◆ Try it
Keep every word of the listing and reproduce it exactly, but set aside any image found there.
Exercise material: Begin
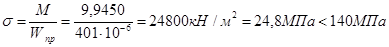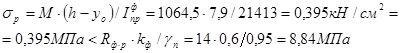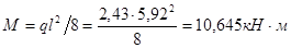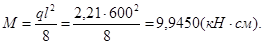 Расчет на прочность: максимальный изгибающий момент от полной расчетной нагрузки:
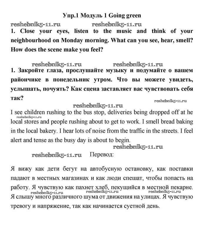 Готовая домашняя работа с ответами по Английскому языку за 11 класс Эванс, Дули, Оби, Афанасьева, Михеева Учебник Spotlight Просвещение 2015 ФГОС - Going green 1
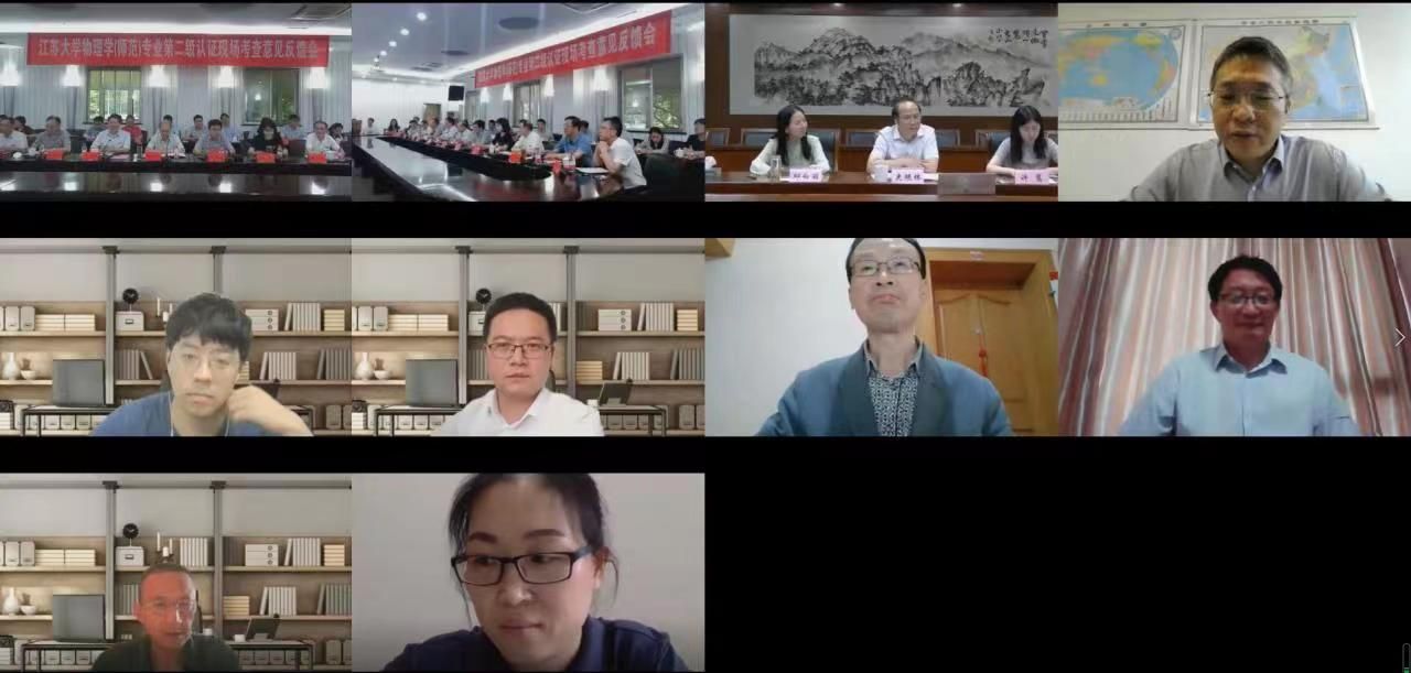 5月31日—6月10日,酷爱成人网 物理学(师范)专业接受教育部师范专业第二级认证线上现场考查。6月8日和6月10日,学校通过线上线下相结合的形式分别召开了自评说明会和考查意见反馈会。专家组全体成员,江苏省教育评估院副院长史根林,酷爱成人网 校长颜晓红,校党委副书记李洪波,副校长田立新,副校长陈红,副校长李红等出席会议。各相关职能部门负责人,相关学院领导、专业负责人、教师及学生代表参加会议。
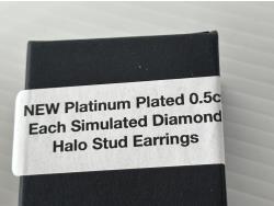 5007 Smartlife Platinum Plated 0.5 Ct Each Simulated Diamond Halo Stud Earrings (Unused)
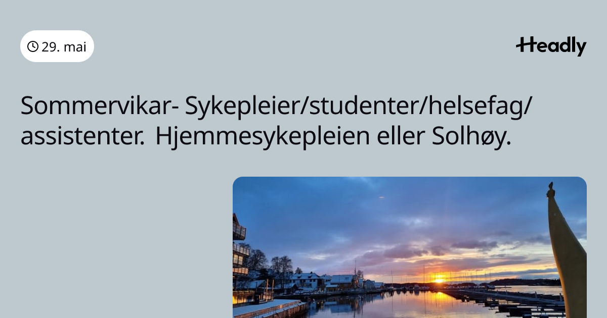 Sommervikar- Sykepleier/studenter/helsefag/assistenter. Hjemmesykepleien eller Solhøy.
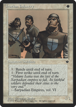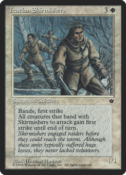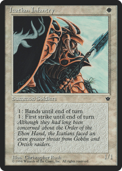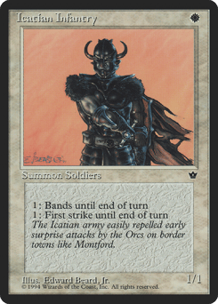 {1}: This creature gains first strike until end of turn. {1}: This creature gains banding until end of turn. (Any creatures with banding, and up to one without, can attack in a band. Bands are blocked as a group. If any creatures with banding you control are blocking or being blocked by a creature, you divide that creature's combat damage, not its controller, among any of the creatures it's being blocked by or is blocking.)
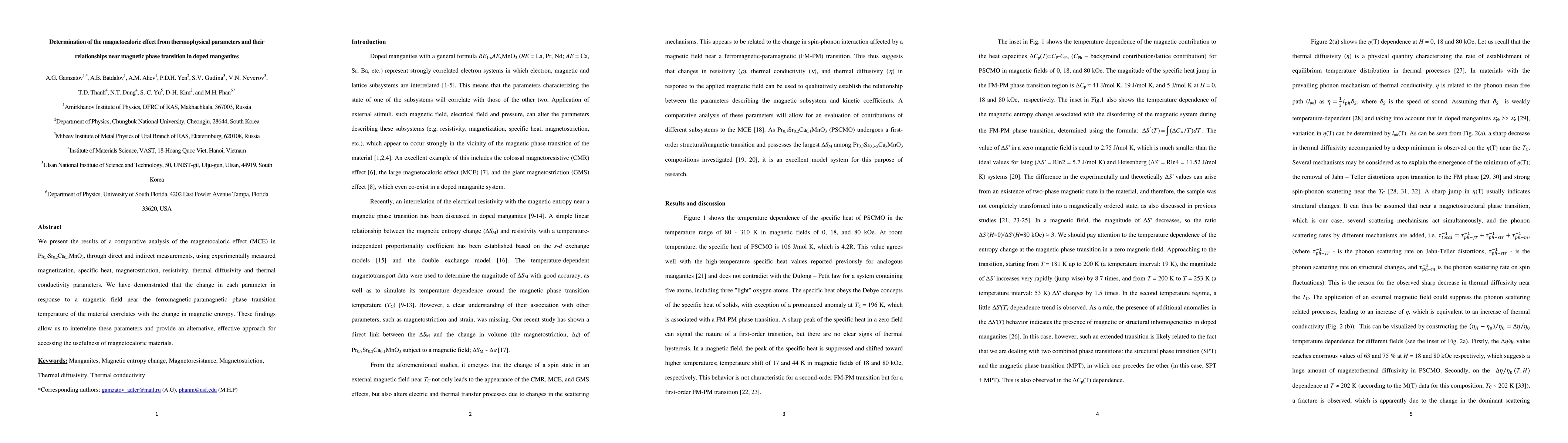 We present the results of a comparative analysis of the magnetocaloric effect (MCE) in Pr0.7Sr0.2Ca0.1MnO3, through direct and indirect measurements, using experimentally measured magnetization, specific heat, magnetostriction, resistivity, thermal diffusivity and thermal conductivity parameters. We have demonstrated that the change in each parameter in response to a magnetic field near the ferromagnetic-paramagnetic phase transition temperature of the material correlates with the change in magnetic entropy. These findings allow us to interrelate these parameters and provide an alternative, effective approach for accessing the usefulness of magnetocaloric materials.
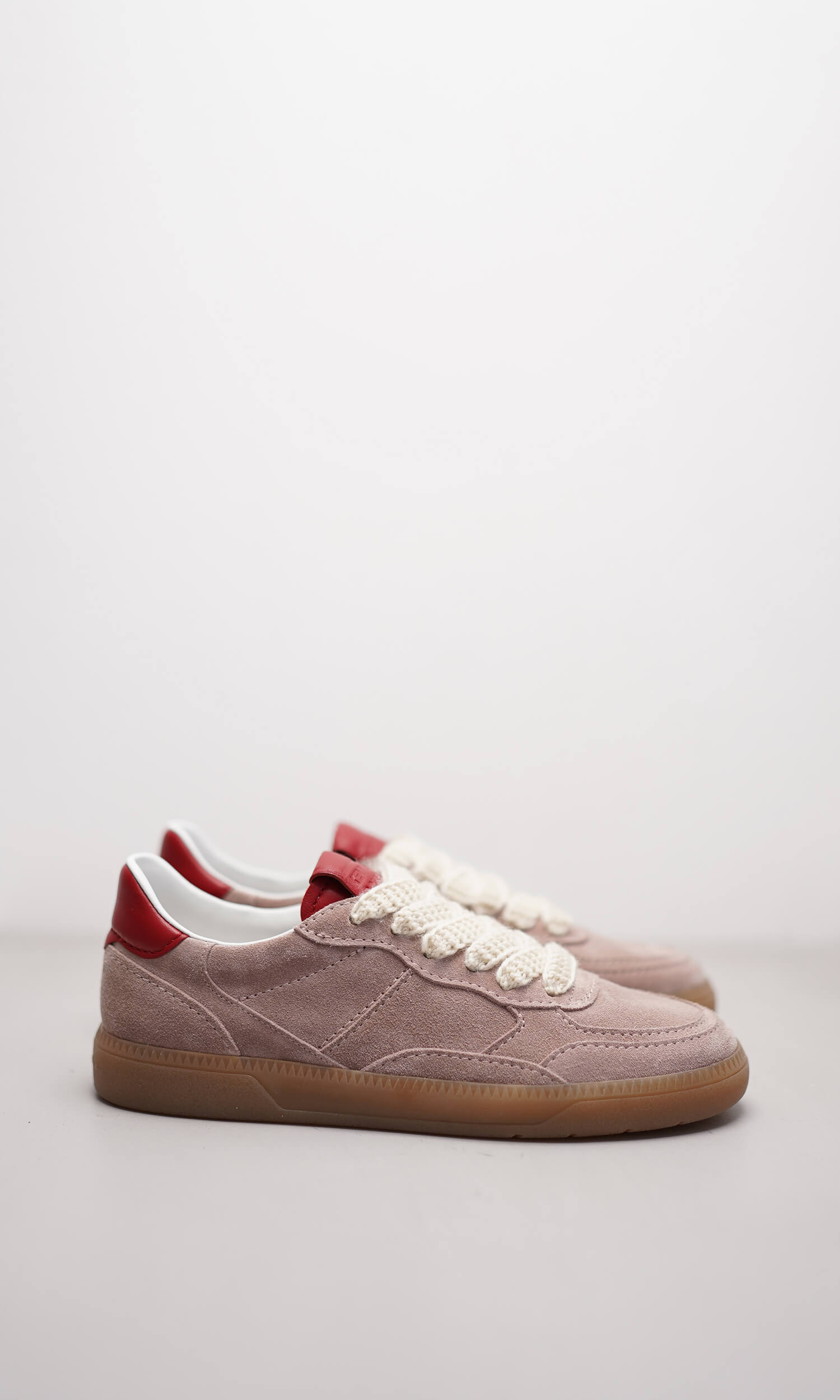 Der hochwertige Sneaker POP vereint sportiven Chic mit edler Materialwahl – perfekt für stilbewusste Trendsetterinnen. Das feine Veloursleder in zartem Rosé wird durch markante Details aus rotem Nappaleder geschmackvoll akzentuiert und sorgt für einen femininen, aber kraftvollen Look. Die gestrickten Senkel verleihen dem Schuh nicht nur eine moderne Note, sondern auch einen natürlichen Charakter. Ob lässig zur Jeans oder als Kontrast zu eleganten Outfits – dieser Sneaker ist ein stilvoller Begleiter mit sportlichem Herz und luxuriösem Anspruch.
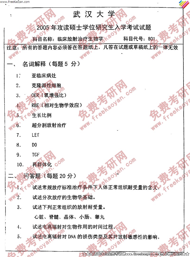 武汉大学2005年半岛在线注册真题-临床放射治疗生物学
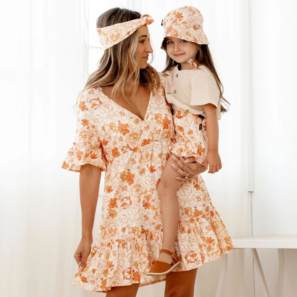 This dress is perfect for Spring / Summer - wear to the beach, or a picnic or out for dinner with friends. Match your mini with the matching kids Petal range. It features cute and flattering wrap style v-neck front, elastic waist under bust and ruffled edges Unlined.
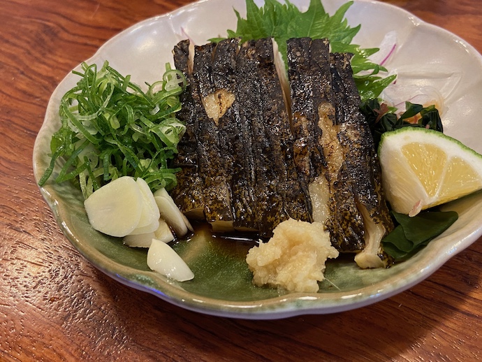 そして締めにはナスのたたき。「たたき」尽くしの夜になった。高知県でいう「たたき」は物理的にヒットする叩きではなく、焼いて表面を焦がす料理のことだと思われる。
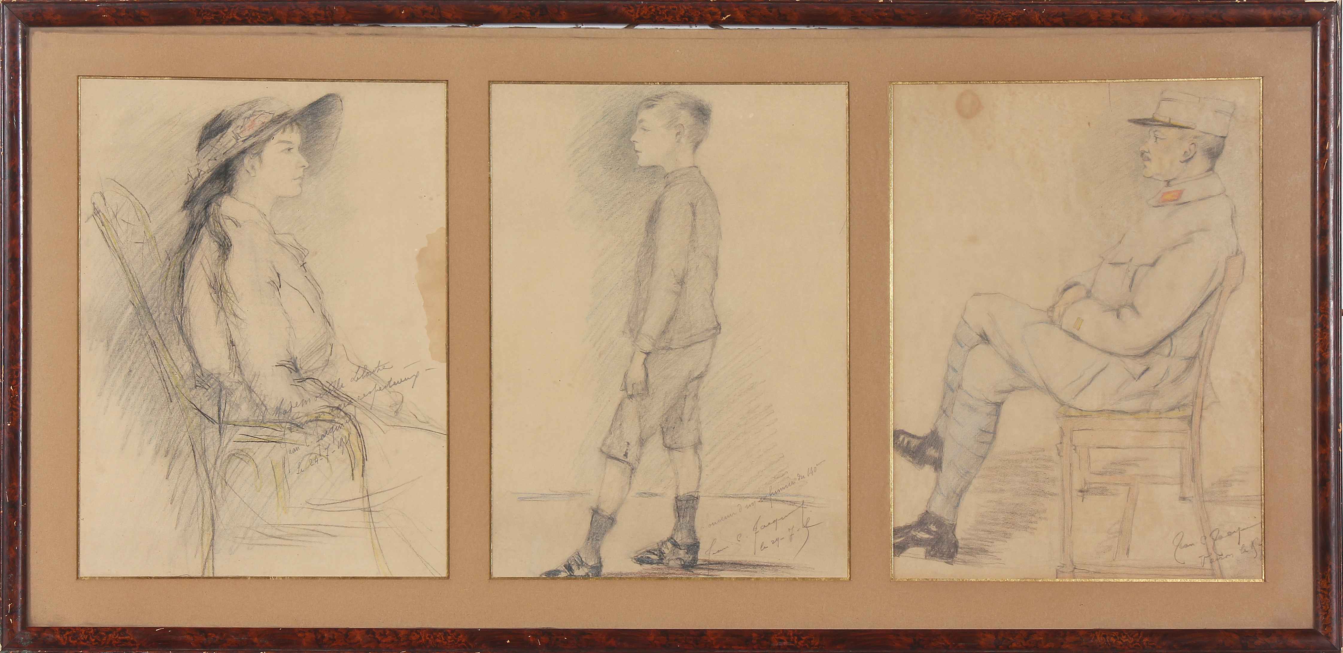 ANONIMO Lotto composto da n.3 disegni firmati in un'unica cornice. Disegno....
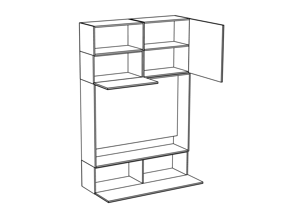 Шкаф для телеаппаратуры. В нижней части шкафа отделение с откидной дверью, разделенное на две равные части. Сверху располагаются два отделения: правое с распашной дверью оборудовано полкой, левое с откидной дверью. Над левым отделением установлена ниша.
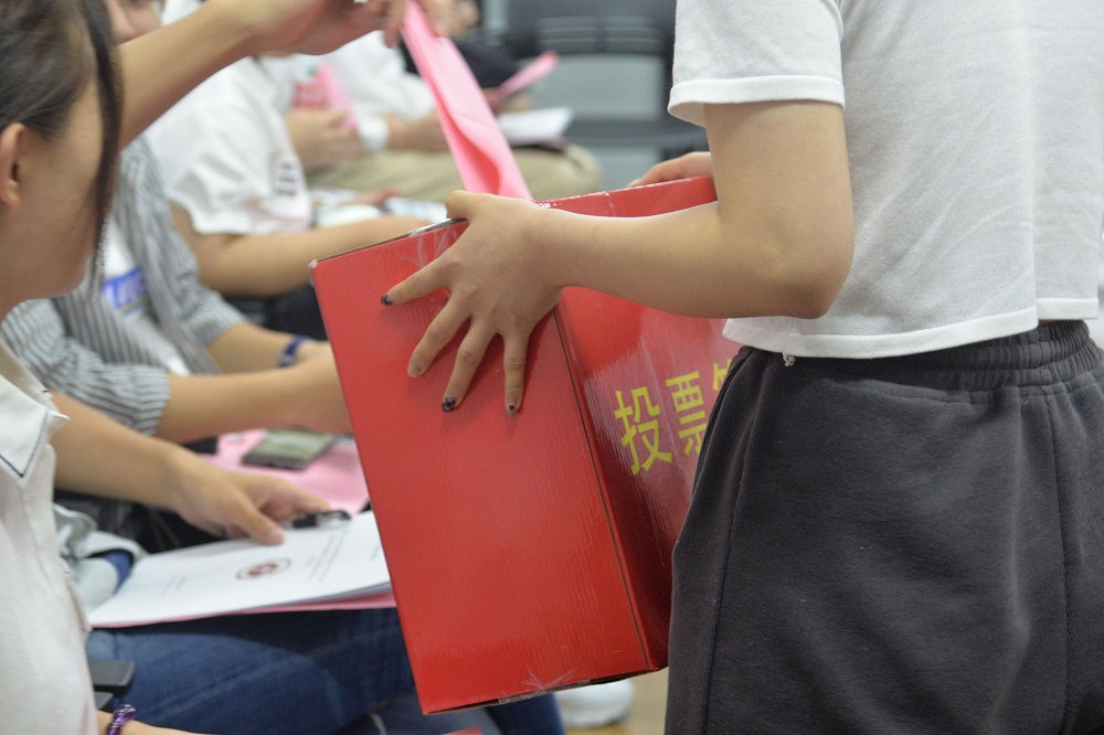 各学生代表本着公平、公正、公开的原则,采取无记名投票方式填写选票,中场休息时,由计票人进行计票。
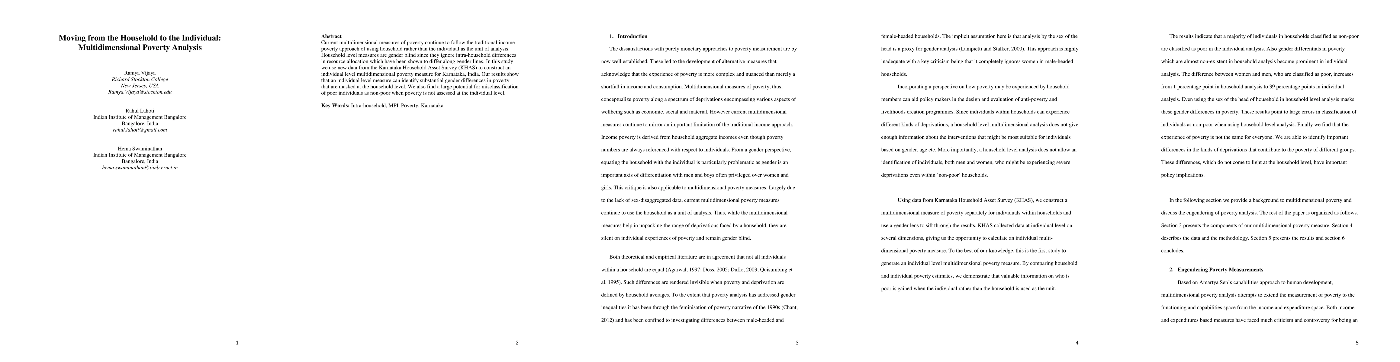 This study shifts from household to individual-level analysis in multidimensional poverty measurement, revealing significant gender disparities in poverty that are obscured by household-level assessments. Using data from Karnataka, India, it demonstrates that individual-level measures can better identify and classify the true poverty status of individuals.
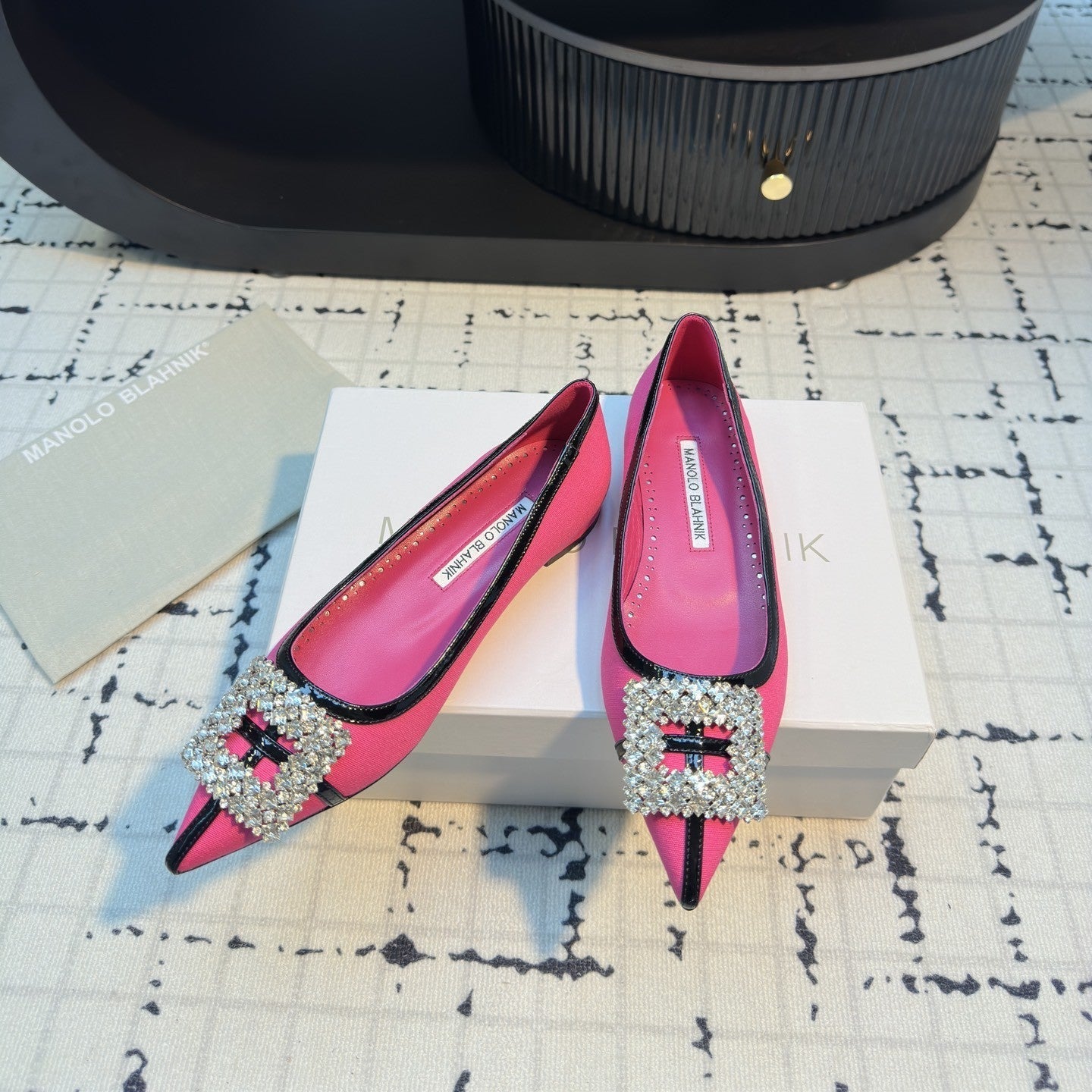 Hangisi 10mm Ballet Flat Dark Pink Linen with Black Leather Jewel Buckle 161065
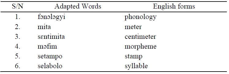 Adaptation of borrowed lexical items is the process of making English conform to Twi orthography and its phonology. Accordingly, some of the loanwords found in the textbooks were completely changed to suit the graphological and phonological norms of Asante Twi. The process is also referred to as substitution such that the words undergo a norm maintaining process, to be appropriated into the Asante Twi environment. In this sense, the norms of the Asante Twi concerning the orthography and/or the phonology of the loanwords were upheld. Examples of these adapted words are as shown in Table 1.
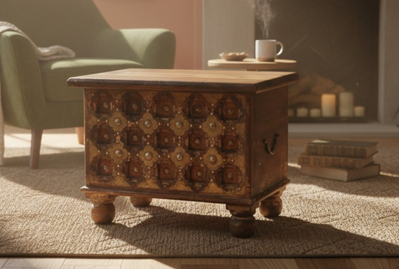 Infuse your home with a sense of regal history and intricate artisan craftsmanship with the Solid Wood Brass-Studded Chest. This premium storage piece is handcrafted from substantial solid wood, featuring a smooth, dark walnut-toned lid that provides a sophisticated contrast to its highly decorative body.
Exercise material: End
◆ Solved exercise
 Расчет на прочность: максимальный изгибающий момент от полной расчетной нагрузки:
 Готовая домашняя работа с ответами по Английскому языку за 11 класс Эванс, Дули, Оби, Афанасьева, Михеева Учебник Spotlight Просвещение 2015 ФГОС - Going green 1
 5月31日—6月10日,酷爱成人网 物理学(师范)专业接受教育部师范专业第二级认证线上现场考查。6月8日和6月10日,学校通过线上线下相结合的形式分别召开了自评说明会和考查意见反馈会。专家组全体成员,江苏省教育评估院副院长史根林,酷爱成人网 校长颜晓红,校党委副书记李洪波,副校长田立新,副校长陈红,副校长李红等出席会议。各相关职能部门负责人,相关学院领导、专业负责人、教师及学生代表参加会议。
 5007 Smartlife Platinum Plated 0.5 Ct Each Simulated Diamond Halo Stud Earrings (Unused)
 Sommervikar- Sykepleier/studenter/helsefag/assistenter. Hjemmesykepleien eller Solhøy.
 {1}: This creature gains first strike until end of turn. {1}: This creature gains banding until end of turn. (Any creatures with banding, and up to one without, can attack in a band. Bands are blocked as a group. If any creatures with banding you control are blocking or being blocked by a creature, you divide that creature's combat damage, not its controller, among any of the creatures it's being blocked by or is blocking.)
 We present the results of a comparative analysis of the magnetocaloric effect (MCE) in Pr0.7Sr0.2Ca0.1MnO3, through direct and indirect measurements, using experimentally measured magnetization, specific heat, magnetostriction, resistivity, thermal diffusivity and thermal conductivity parameters. We have demonstrated that the change in each parameter in response to a magnetic field near the ferromagnetic-paramagnetic phase transition temperature of the material correlates with the change in magnetic entropy. These findings allow us to interrelate these parameters and provide an alternative, effective approach for accessing the usefulness of magnetocaloric materials.
 Der hochwertige Sneaker POP vereint sportiven Chic mit edler Materialwahl – perfekt für stilbewusste Trendsetterinnen. Das feine Veloursleder in zartem Rosé wird durch markante Details aus rotem Nappaleder geschmackvoll akzentuiert und sorgt für einen femininen, aber kraftvollen Look. Die gestrickten Senkel verleihen dem Schuh nicht nur eine moderne Note, sondern auch einen natürlichen Charakter. Ob lässig zur Jeans oder als Kontrast zu eleganten Outfits – dieser Sneaker ist ein stilvoller Begleiter mit sportlichem Herz und luxuriösem Anspruch.
 武汉大学2005年半岛在线注册真题-临床放射治疗生物学
 This dress is perfect for Spring / Summer - wear to the beach, or a picnic or out for dinner with friends. Match your mini with the matching kids Petal range. It features cute and flattering wrap style v-neck front, elastic waist under bust and ruffled edges Unlined.
 そして締めにはナスのたたき。「たたき」尽くしの夜になった。高知県でいう「たたき」は物理的にヒットする叩きではなく、焼いて表面を焦がす料理のことだと思われる。
 ANONIMO Lotto composto da n.3 disegni firmati in un'unica cornice. Disegno....
 Шкаф для телеаппаратуры. В нижней части шкафа отделение с откидной дверью, разделенное на две равные части. Сверху располагаются два отделения: правое с распашной дверью оборудовано полкой, левое с откидной дверью. Над левым отделением установлена ниша.
 各学生代表本着公平、公正、公开的原则,采取无记名投票方式填写选票,中场休息时,由计票人进行计票。
 This study shifts from household to individual-level analysis in multidimensional poverty measurement, revealing significant gender disparities in poverty that are obscured by household-level assessments. Using data from Karnataka, India, it demonstrates that individual-level measures can better identify and classify the true poverty status of individuals.
 Hangisi 10mm Ballet Flat Dark Pink Linen with Black Leather Jewel Buckle 161065
 Adaptation of borrowed lexical items is the process of making English conform to Twi orthography and its phonology. Accordingly, some of the loanwords found in the textbooks were completely changed to suit the graphological and phonological norms of Asante Twi. The process is also referred to as substitution such that the words undergo a norm maintaining process, to be appropriated into the Asante Twi environment. In this sense, the norms of the Asante Twi concerning the orthography and/or the phonology of the loanwords were upheld. Examples of these adapted words are as shown in Table 1.
 Infuse your home with a sense of regal history and intricate artisan craftsmanship with the Solid Wood Brass-Studded Chest. This premium storage piece is handcrafted from substantial solid wood, featuring a smooth, dark walnut-toned lid that provides a sophisticated contrast to its highly decorative body.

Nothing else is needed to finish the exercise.